Originally Posted by
Brian Rush
I still think that business of "rightful" ownership is the crux of a lot of the disagreement. On what basis is something "rightfully" owned? This is not a simple question, and deserves better than a simple answer.
First off, and to repeat from way back, "ownership" implies coercion and threat of force. To say "this is mine" is to say, "I alone am entitled to use this, and anyone else who does so without my permission will be punished." That is what defines property. The threat of force may be made by the owner, or by the community or the state on the owner's behalf, but it must be made, otherwise there is no property.
On the very simplest level, therefore, property is the seizure of unowned goods and the assertion of privileged use backed by a threat of force.
If we wish to apply less barbaric rules to who owns what (and generally we do), then we must restrict the application of force to those instances which comply with those rules, and refuse to do so otherwise. Also, the situation becomes much more complex when all goods are owned, and so acquisition of property becomes the transfer of goods from one person's ownership to another's, rather than the seizure of unowned goods. In that case, we establish rules whereby property may "legitimately" be transferred, apply force to protect those instances, and apply it to discourage all other forms of property acquisition, which we thereby define as "theft."
Thus, it is somewhat inaccurate to call "theft" the acquisition of property without the owner's permission.
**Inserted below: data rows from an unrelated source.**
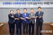 KPSNEWS 김채경 기자 | 수원시 여야가 “민생안정을 위한 시민체감 숙원사업을 추진하겠다”고 공동선언을 했다. 이재준 수원시장, 수원시의회 이재식 의장, 김정렬 부의장, 김동은 더불어민주당 교섭단체 대표, 박현수 국민의힘 교섭단체 대표는 10일 시청 상황실에서 여야 공동선언을 하고, 협력을 약속했다. 수원시 여야가 뜻을 모아 추진하는 시민체감 숙원사업은 ▲출산지원금 확대 ▲청소년 생리용품 지원 ▲무상교통 ▲대상포진 무료접종 등 시민들에게 실질적으로 도움이 되는 것들이다. 10월 조례안 의결, 예산 편성 후 내년 시행 예정 10월 임시회에서 조례안을 의결하고, 11월 정례회에서 예산을 편성한 후 내년에 시행할 계획이다. ‘무상교통’은 70세 이상 어르신 등이 무료로 대중교통을 이용할 수 있도록 교통비를 지원하는 사업이고, ‘청소년 생리용품 지원’은 11~18세 여성 청소년에게 생리용품을 지원하는 것이다. ‘출산지원금 확대’는 첫째 아이 출산지원금(50만 원)을 신설하고, 둘째 아이 출산지원금은 기존 50만 원에서 100만 원으로 상향하는 것이다. ‘대상포진 무료 예방접종’은 65세 이
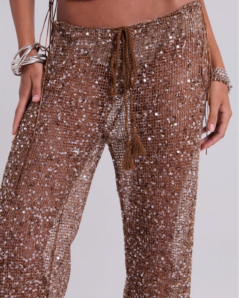 Brown sequin matching pants by Jaded London. I also have the matching corset to wear as a set. Please see listing for matching set on my page.
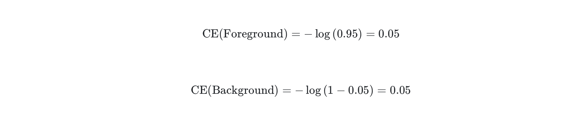 문제가 없어보이지만 여기서 발생하는 문제점은 Foregound 케이스와 Background 케이스 모두 같은 Loss 값을 가진다는 것에 있다.

Rather, theft is the acquisition of property against the rules governing such acquisition. Sometimes property can be acquired with the owner's permission and still be stolen. We use a different word than "theft" in such cases -- we call it "fraud" -- but it's essentially the same thing. Also, sometimes property can be acquired without the owner's permission without it being theft. For example, if a lawsuit grants a sum in judgment, it's safe to say that the sum is taken without its owner's permission, but this is not theft. The only consistent rule is that if property is transferred against the rules for such transfer, it is not legitimate and may be corrected by force.
Now let's consider the way wealth is produced and ownership of it acquired in our economy. (Again, it's important to consider the real world in the process of forming our moral judgments. Moral principles formed outside that consideration are the equivalent of pure mathematics, and may or may not apply to the reality we actually experience.)
Wealth is produced collectively, always. People work together to create wealth, applying thought and effort to natural resources. The resulting wealth is divided among those who work to produce it, according to rules. It's impossible to say in any definitive fashion how much person A contributes to the production of wealth as compared to person B. Thus, a common libertarian principle, that of ownership deriving from labor to add value, becomes useless as a practical matter, for we are never in any real-life case able to determine how much of the wealth produced is generated by one person's labor compared to another's. A different principle than this is required.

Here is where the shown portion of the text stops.